In [None]:
# This notebook demonstrates fundamental Natural Language Processing (NLP) tasks using popular Python libraries.
# Each exercise focuses on a specific NLP technique:
# 1.  **Tokenization** with NLTK
# 2.  **Named Entity Recognition (NER)** with SpaCy
# 3.  **Sentiment Analysis** with TextBlob
# 4.  **Text Summarization** with Sumy


### Explanation of NLP Concepts:

1.  **Tokenization** with NLTK: The process of breaking down a text into smaller units called tokens, which can be words, subwords, or characters. NLTK provides tools like `word_tokenize` for this task.

2.  **Named Entity Recognition (NER)** with SpaCy: A technique to identify and classify named entities in text into predefined categories such as person names, organizations, locations, expressions of times, quantities, monetary values, etc. SpaCy is a library widely used for this purpose.

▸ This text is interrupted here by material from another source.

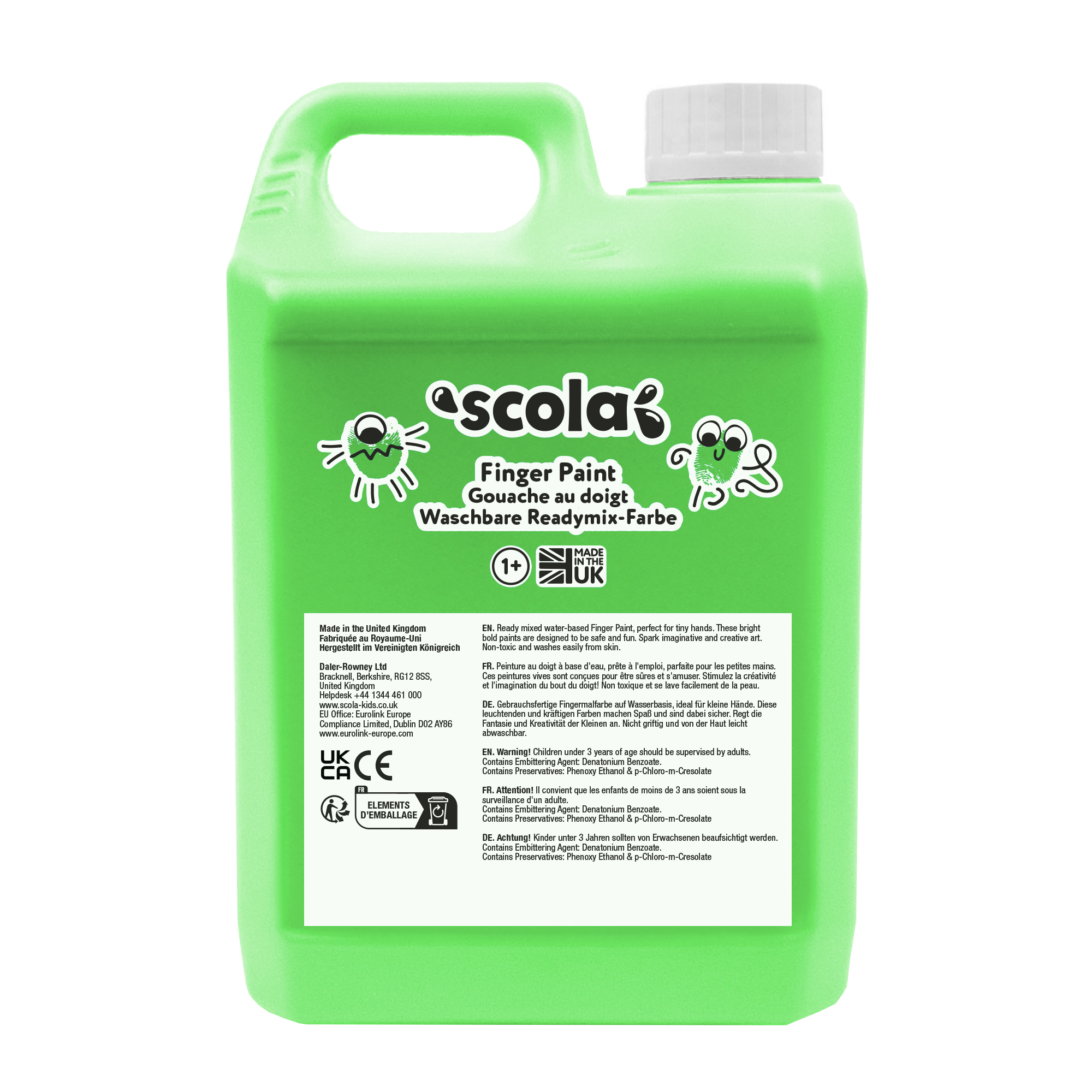 Scola finger paint in brilliant green is perfect for hands-on, sensory art. The smooth, creamy texture lets children explore colour, pattern and mark-making without the need for brushes, helping to build confidence and fine motor skills. Manufactured in the UK using recycled plastic containers, this high-quality paint is allergen-free, non-toxic and tested to cosmetic safety standards for use with children under 3 years.

3.  **Sentiment Analysis** with TextBlob: The computational study of opinions, sentiments, and emotions expressed in text. It determines the emotional tone behind a piece of text, often classifying it as positive, negative, or neutral. TextBlob offers a simple API for sentiment analysis.

4.  **Text Summarization** with Sumy: The process of condensing a longer text into a shorter, coherent, and fluent version while retaining the most important information and overall meaning of the original text. Sumy is a Python library that provides various summarization algorithms, like LSA.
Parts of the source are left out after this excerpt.